West Midlands MP Saqib Bhatti says he's receiving letters and e-mails from constituents struggling with the cost of living - and he expects the numbers to increase.
The Conservative MP admits: "I think I will get more. We all have to be very honest about this."
Another Conservative, East Midlands MP Sir Edward Leigh, told the House of Commons the economy is facing challenges from "at least two of the four horsemen of the apocalypse, death from plague and war."
Those are some of the comments after Chancellor Rishi Sunak's Spring Statement, a mini-Budget delivered in the House of Commons. Tory MPs welcomed the statement and the measures it contained, but admit their constituents are still going to struggle.
The problem is that prices are rising faster than incomes. And Mr Sunak's measures may help, but not enough to stop us becoming poorer.
The big Spring Statement announcements
Key measures in the Chancellor's statement yesterday included: - The threshold at which people pay National Insurance will increase by £3,000 to £12,575-a-year. It means 30 million people will pay less - a cut of £330 each on average. As a result, 70% of all workers will have their taxes cut even though the Government is increasing the rate of National Insurance by 1.25%.
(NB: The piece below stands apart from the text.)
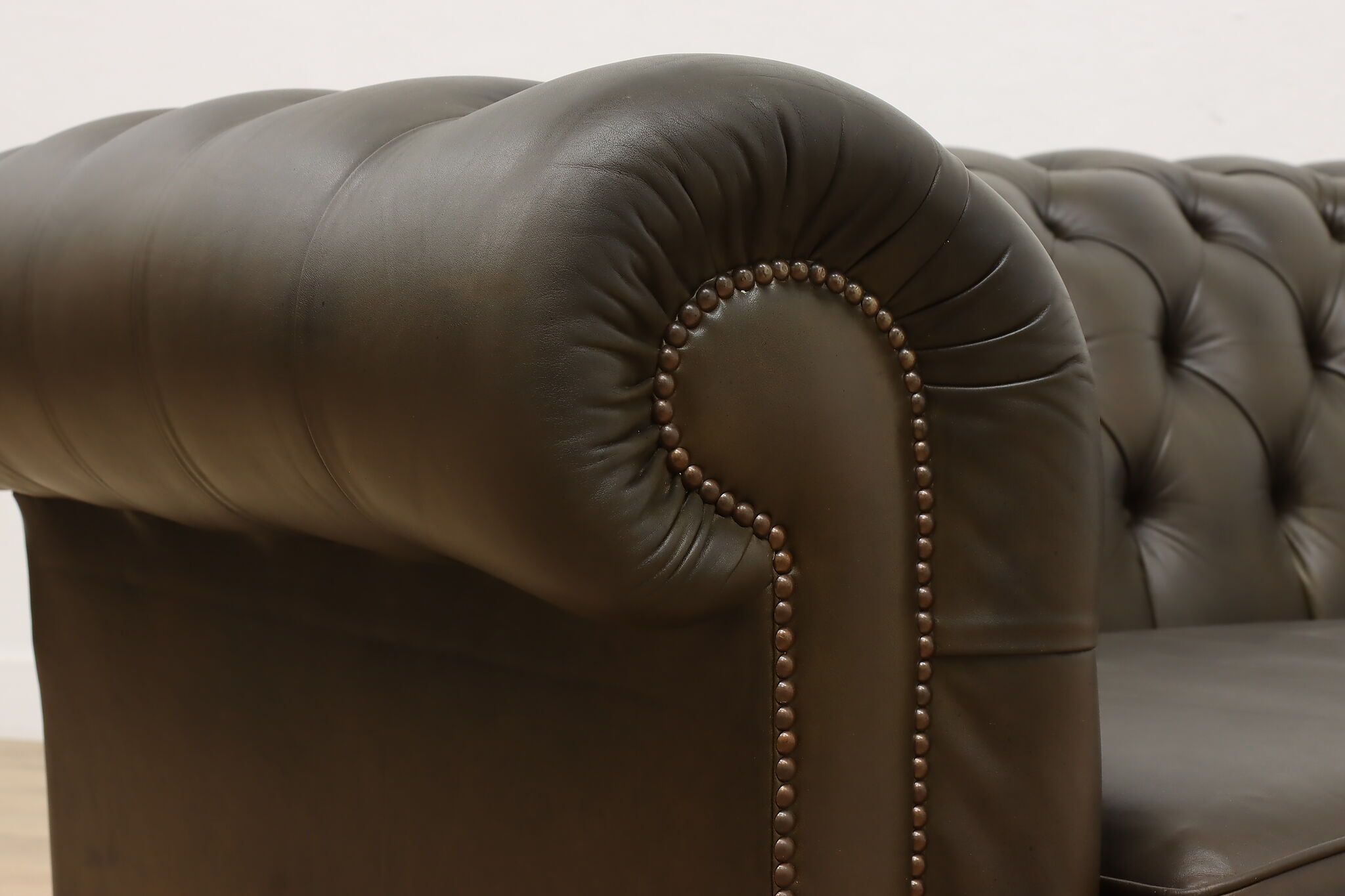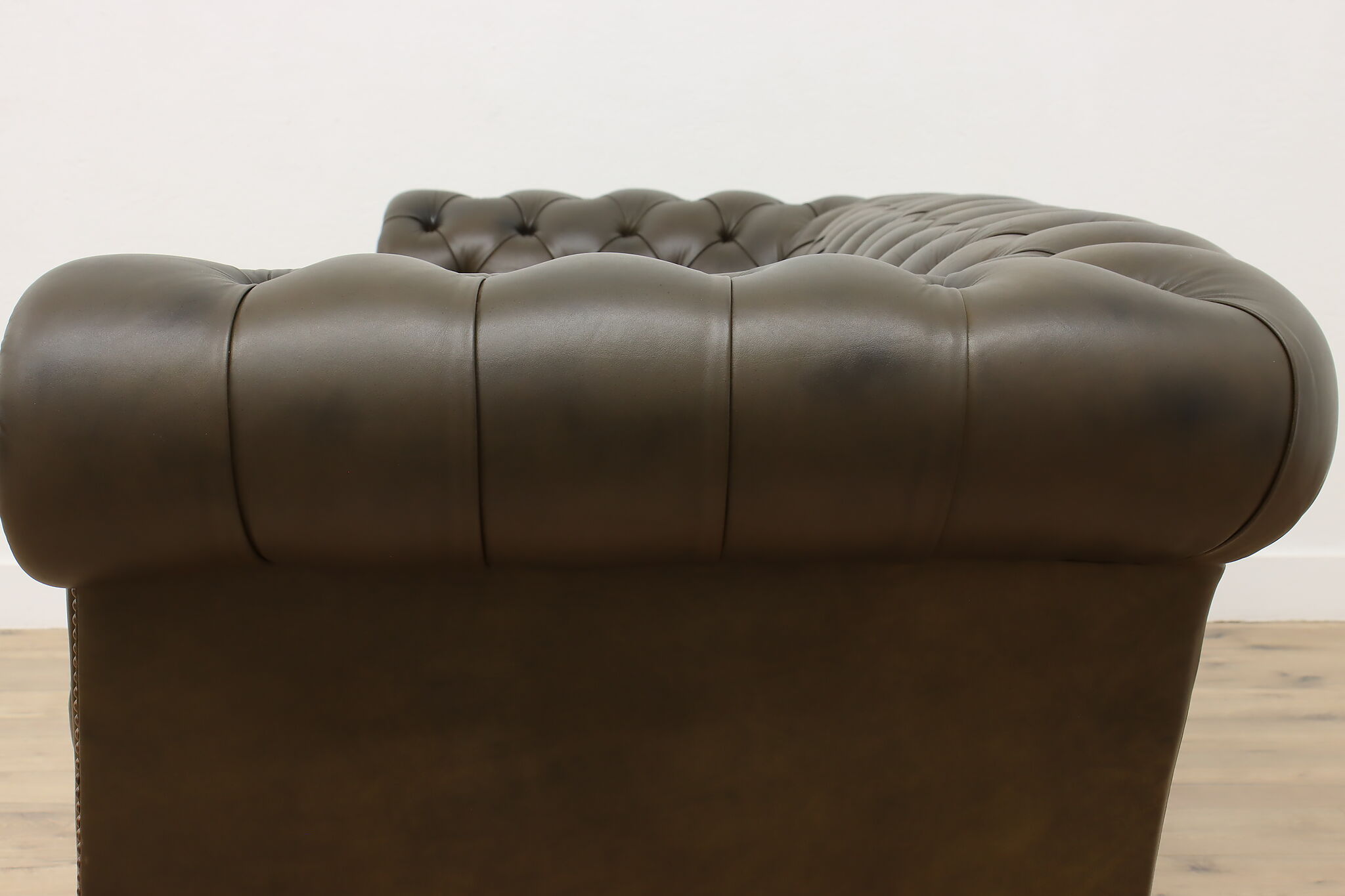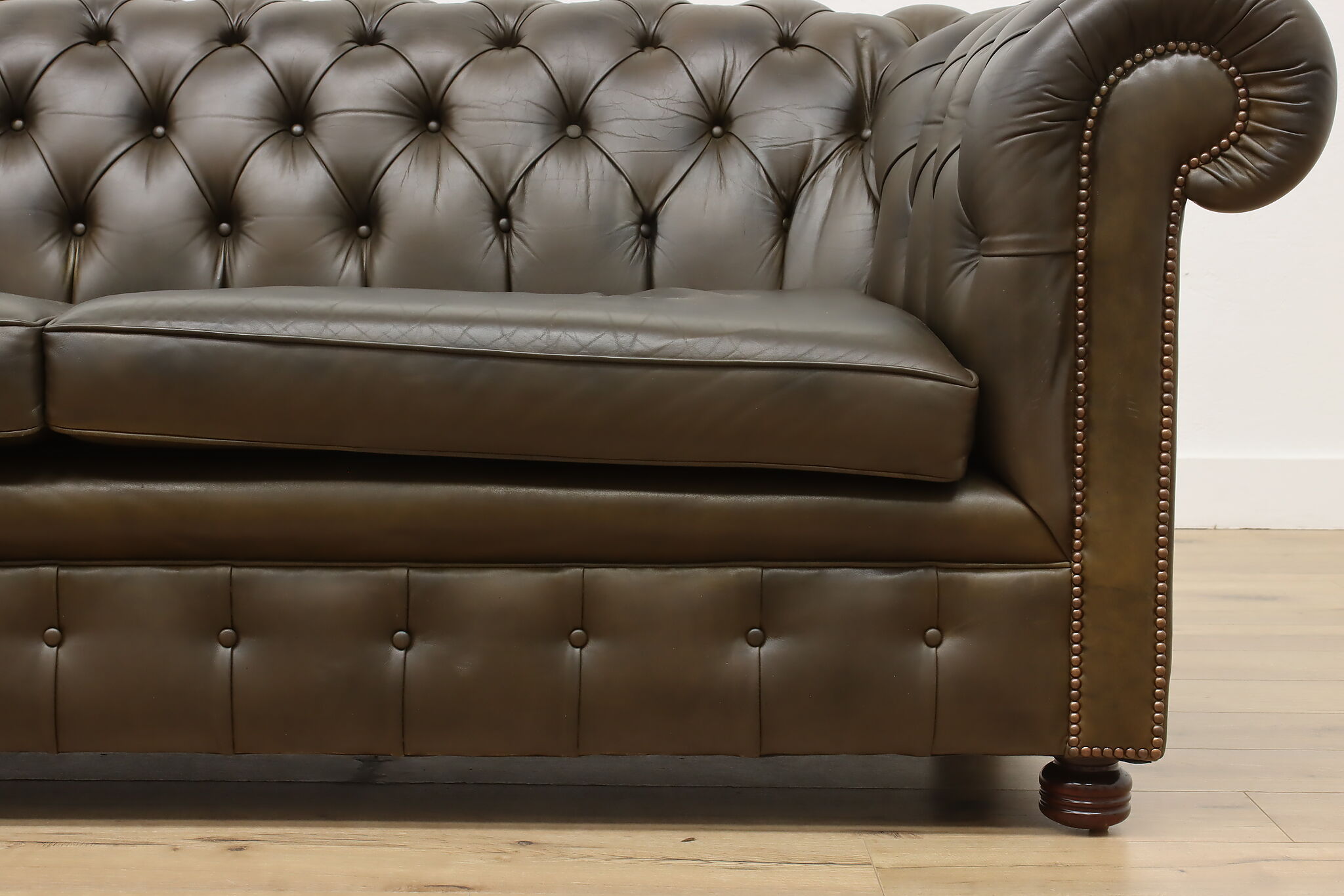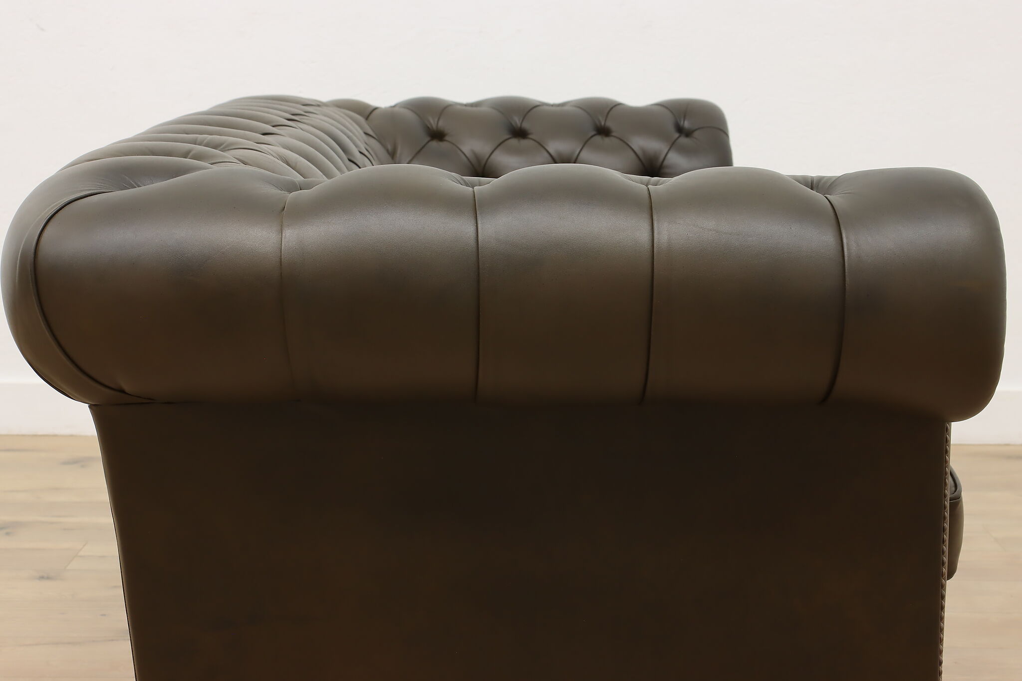 This traditional "Chesterfield" tufted leather sofa or couch is a classic design that oozes elegance and refinement.

- Fuel duty was cut by 5p per litre from 6pm Wednesday night until March next year.
- Employment Allowance will increase to £5,000 from April, which Mr Sunak described as a "new tax cut" worth up to £1,000 for half a million small businesses.
But there's a stealth tax on Midlands workers
Treasury documents show the National Insurance measures will save workers a total of £6bn a year. But they also show that the Chancellor is to gain an extra £35 billion over five years - and £11 billion in 2022-23 alone - by increasing repayments made on student loans.
The payments, of course, are made by graduates, not students. In other words, by working people. And the Government's own impact assessment reveals people in the Midlands and North will be clobbered by the changes.
This is because salaries are lower here than in the south, and people on lower incomes face the biggest increase in payments.
The impact assessment states: "Alongside younger and female borrowers, those likely to see some negative impact with increased lifetime repayments under the reforms ... are more likely than average to have characteristics of white or black ethnicity, from disadvantaged backgrounds, or reside in the North, Midlands, South-West or Yorkshire and the Humber."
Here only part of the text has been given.